Elden Ring: Shadow of the Erdtree proves that when you like someone you really forgive them everything

Elden Ring Shadow of the Erdtree's Steam Rating Is Rising Fans Say They're Not Listening to Critics

Elden Ring: Shadow of the Erdtree proves that when you like someone you really forgive them everything

Elden Ring: Shadow of the Erdtree seems to be the practical demonstration that sympathy is a fundamental factor for success.

Likability is fundamental in determining the success or otherwise of a person, a product or a work of art. Think of poor Van Gogh, who obtained posthumous recognition thanks to the contents of the letters sent to his brother Theo, made public by his sister-in-law. Now he is the most popular painter in the world, but when he was still breathing, very few appreciated him, gruff and grumpy as he was. In the world of video games exactly the same thing happens and on multiple levels. This is demonstrated by Elden Ring: Shadow of the Erdtree, which forgives many defects that in other games, I’m not saying would have been disastrous, but at least seen as problematic.

The eyes of faith

Let’s take the user interface, not really functional (to put it mildly), or the fluidity issue on PC . Here, a game whose uncertain fluidity would make sense to criticize, because it requires extreme precision in the execution of offensive and defensive moves, does not create much debate, where elsewhere the same has been complained about for games in which having 30 or 60 Fps little or nothing changes.

Elden Ring: Shadow of the Erdtree – Launch Trailer

Even the much loved difficulty is becoming a problem for some , because by dint of raising the bar one ends up exceeding that limit which is considered acceptable even by many players who perhaps had few problems with the base game, especially if to improve the level of challenge is resorted to small mistakes, which end up generating great frustration.

Flow is flow, after all, and somehow you have to consider it even if you are FromSoftware and even if your players are highly motivated, otherwise you end up making them spend €40 on an expansion that they end up hating, because they can’t play after you.

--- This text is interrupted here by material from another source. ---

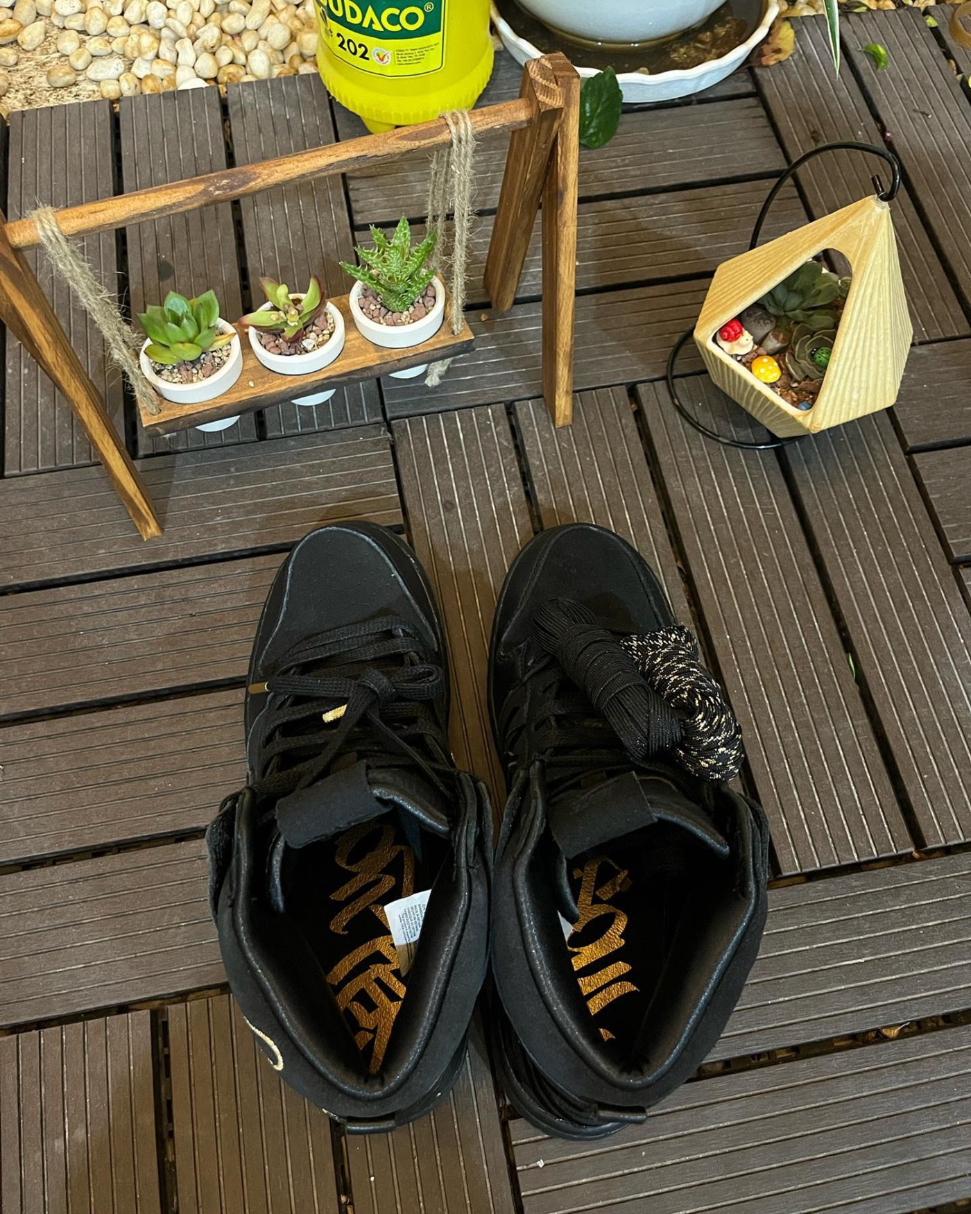 鞋帮外侧分别用金色和黑色的刺绣,勾勒出标志性的涂鸦字体。
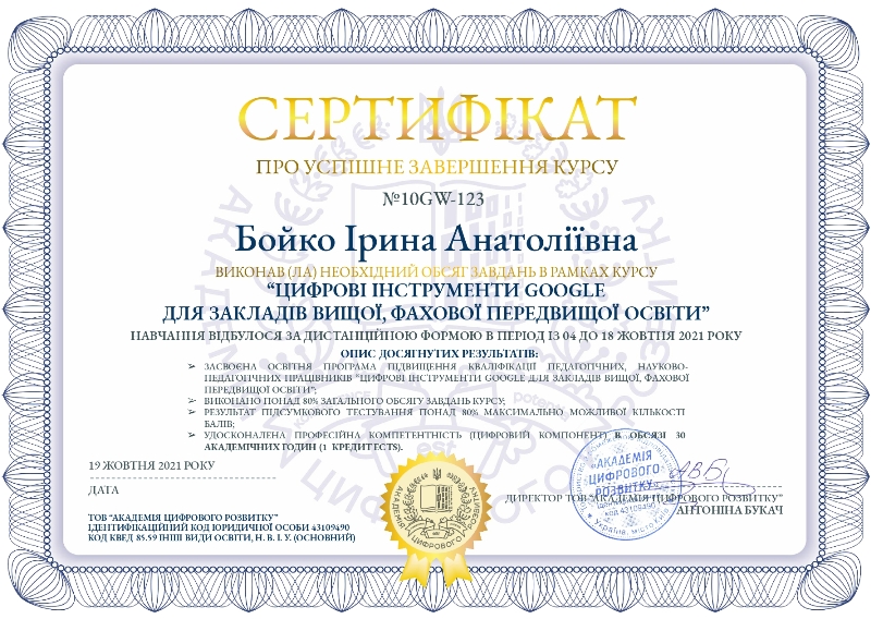 Виконавши всі вимоги, наші викладачі отримали сертифікати, але значно важливішою за цю формальну ознаку є той обсяг найсучаснішої інформації, що здатна значно прискорити і полегшити роботу в різних сферах викладацької діяльності.

Consider that we are not talking about casual players, but about people who have advanced far enough in Elden Ring to kill a very tough boss to access the contents of the expansion.

The problem with FromSoftware’s games is that they are often viewed through the eyes of the faithful, so to speak. Many consider them to be initiation tests, almost a post-modern expression of tribal virility, so much so that one of the strengths of these games is their extremely social nature, that is, they encourage the diffusion of videos and images that create a real mythology linked to the experience offered, external to the game itself, with heroes like LetMeSoloHer, priests like Miyazaki and many bards who all play the same ballad.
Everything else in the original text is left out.